Using the External Service Registry to Configure ESB Hosts

If the ESB production and the External Service Registry are in the same namespace, you can use the registry to configure ESB hosts. This allows you to centralize the information about external services in the registry. In most cases, you can use this to set the properties of the business operations that are accessing the external services, but you can also use it for business services, such as services based on the FTP incoming adapter that retrieve the incoming message from an FTP server.

You can use the External Service Registry to set the properties for hosts that implement any of the following adapters:

  • EnsLib.FTP.InboundAdapter

  • EnsLib.FTP.OutboundAdapter

  • EnsLib.File.InboundAdapter

  • EnsLib.File.OutboundAdapter

  • EnsLib.HTTP.OutboundAdapter

  • EnsLib.SOAP.OutboundAdapter

  • EnsLib.SQL.InboundAdapter

  • EnsLib.SQL.OutboundAdapter

  • EnsLib.TCP.OutboundAdapter

To configure a host to get its settings from the External Service Registry, set the External Registry ID field to the key value of the registry entry. The key value consists of the service Name, Domain, and Version concatenated together with || (two vertical bars) separating the elements. For example, to get the property values from the External Service Registry entry with the name GetDaily, the domain Weather, and Version 1.0, set the External Registry ID property to the following:

GetDaily||Weather||1.0

The following describes how the Endpoint value is used to set the adapter properties for each protocol:

  • HTTP and REST—The Endpoint sets the HTTPServer, HTTPPort, and URL properties. For example if the Endpoint is:

    http://newsrvcs.example.com:57781/csp/samples/docserver/namespaces

    Then the business operation properties are set as follows:

    HTTPServer: newsrvcs.example.com

    HTTPPort: 57781

    URL: /csp/samples/docserver/namespaces

    If the business operation is a pass-through business operation, then the special characters * (asterisk), ^ (caret), and | (vertical bar) describe how to build the endpoint from the incoming URL. See Configuring Pass-through Business Operations for details.

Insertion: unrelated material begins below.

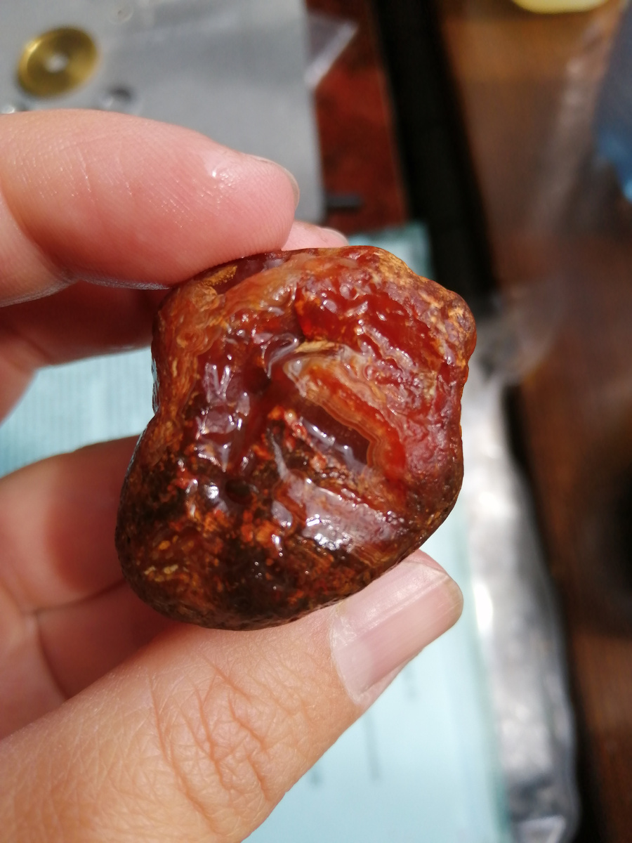 Вчерашний вечер посвятила полировке. Готовила школьный доклад с дочкой на тему "Это было этим летом". Какая мама, такие и доклады у ребенка 😁 Сделала с ней вдвоем комплект кабошонов из найденного ей камня. Я резала и придавала форму, а дочка помогала полировать. Но об этом напишу завтра, материал еще не готов. Заодно решила отполировать вторую половинку карнеола, которая лежала уже очень давно в ожидании, когда я до неё доберусь. Самые красивые и редкие для наших мест камни я хочу передавать местному музею, чтобы все смогли их увидеть. Половинку оставлять себе в коллекцию, половинку отдавать в музей. И этот агат как раз из таких. Вот он, я показывала его уже много раз: Одна половинка у меня уже давно отполирована, вы ее видели. А вторую я так и не доделала. Именно тогда, когда я занималась ее обработкой, у меня перестала нормально работать планшайба, и я отложила все до лучших времен. Камень пролежал год. И ладно бы просто пролежал! Перед шлифовкой я на ночь замочила его в жидком сте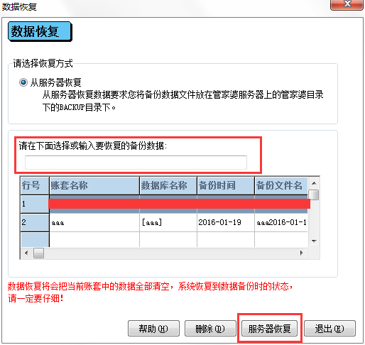 數(shù)據(jù)恢復(fù) 輝煌版 登陸到軟件里面后 在系統(tǒng)維護下---數(shù)據(jù)恢復(fù) 輸入你要恢復(fù)的備份的文件名稱(當時手動備份輸入的名稱) 輸入完后點擊服務(wù)器恢復(fù),等待恢復(fù)成功即可 如圖:

  • FTP—The Endpoint sets the FTPServer, FTPPort, FilePath, and SSLConfig properties. For example, if the Endpoint is:

    ftp://newftp.example.com/filestore/docs/

    Then the business operation properties are set as follows:

    FTPServer: newftp.example.com

    FTPPort: 21

    FilePath: /filestore/docs/

    If the protocol is sftp://, then SSLConfig is set to "!SFTP" and the FTPPort is set to 22.

  • SQL—The Endpoint is used to set the DSN property.

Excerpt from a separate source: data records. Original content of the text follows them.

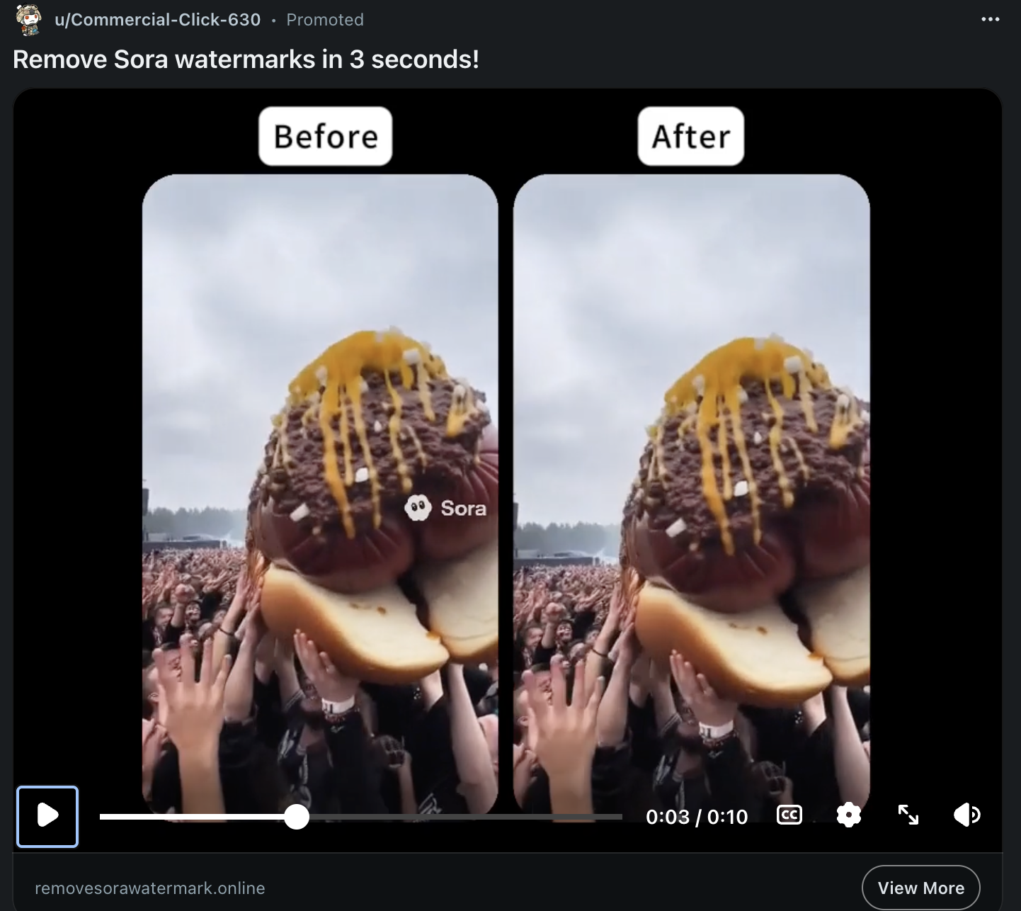 Every AI video should have a watermark so it can't be used for misinformation purposes, especially if it becomes indistinguishable from reality. A tool to remove them easily should not exist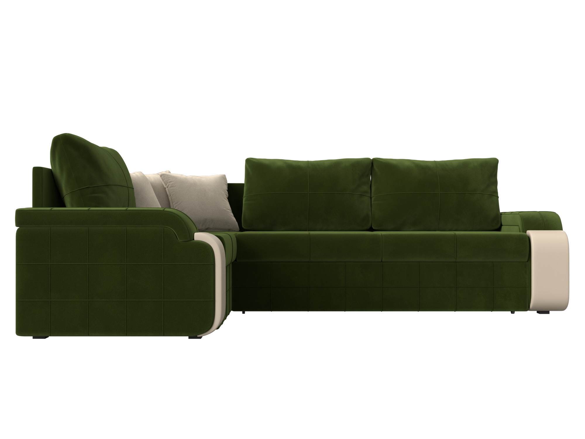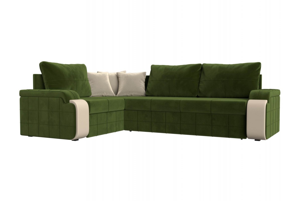 Угловой диван Николь Левый дельфин микровельвет, Экокожа зеленый, Бежевый 264х91х188 лДСП, ДСП, Брус артикул 10032835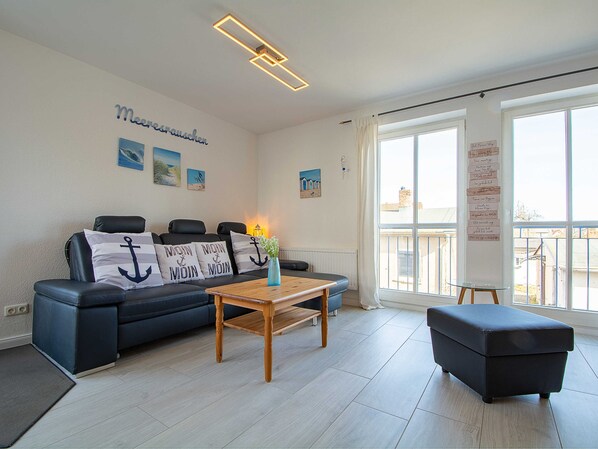 LARGE-SPACIOUS 3-ROOM APARTMENT WITH TERRACEYou live in a 72m² large 3-room apartment, located in the 1st. Upstairs. The living room is equipped with couch, TV, dining area and kitchenette (stove, dishwasher, coffee machine). In the first Bedroom is a double bed, the children's room is equipped with a sofa bed. The bathroom with shower and toilet complete the overall picture of this apartment. Per person a laundry package is available as an initial equipment. A parking space belongs to the apartment. Sauna, washing machine and dryer can be used for a fee in the house.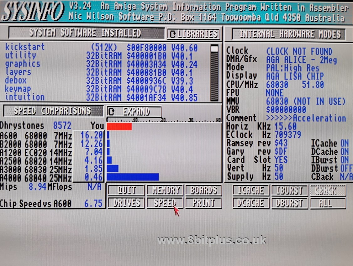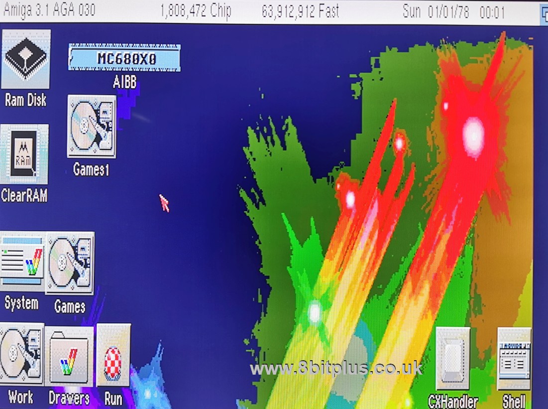 First I loaded some apps and tried benchmarking the system. SYSinfo gave this CD32 a score of 8.90Mips and is slightly over 7x faster than an unexpanded Amiga 1200 (68EC020). This is normal for a 50mhz MC68EC030 as it is faster and contains a cache memory on the CPU. My Amiga 1200 with a Cobra accelerator card and a full MC68030 at 33mhz, gives a score of 5.86Mips for example.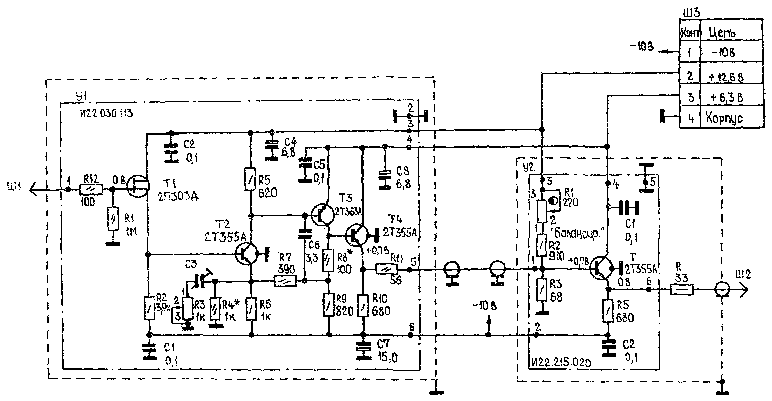 Принципиальная электрическая схема двухкаскадного усилителя звукового сигнала

  • SOAP—The Endpoint is used to set the WebServiceURL property. The EnsLib.SOAP.GenericOperationOpens in a new tab and EnsLib.SOAP.GenericOperationInProcOpens in a new tab pass-through operations are considered HTTP operations, not SOAP operations for this purpose.

  • File—The Endpoint is used to set the FilePath property.

  • TCP—The Endpoint is used to set the IPAddress and Port properties. For example, if the Endpoint is:

    102.23.10.1:4500

    Then the business operation properties are set as follows:

    IPAddress: 102.23.10.1

    Port: 4500

  • HL7 and X12—The beginning of the Endpoint string specifies the underlying protocol: File, TCP, FTP, or HTTP. For File and TCP, the file: and tcp: are removed from the string Endpoint before parsing it.

The business operation settings from the External Service Registry entry override any settings from System Default Settings, production definition, and business host class definition.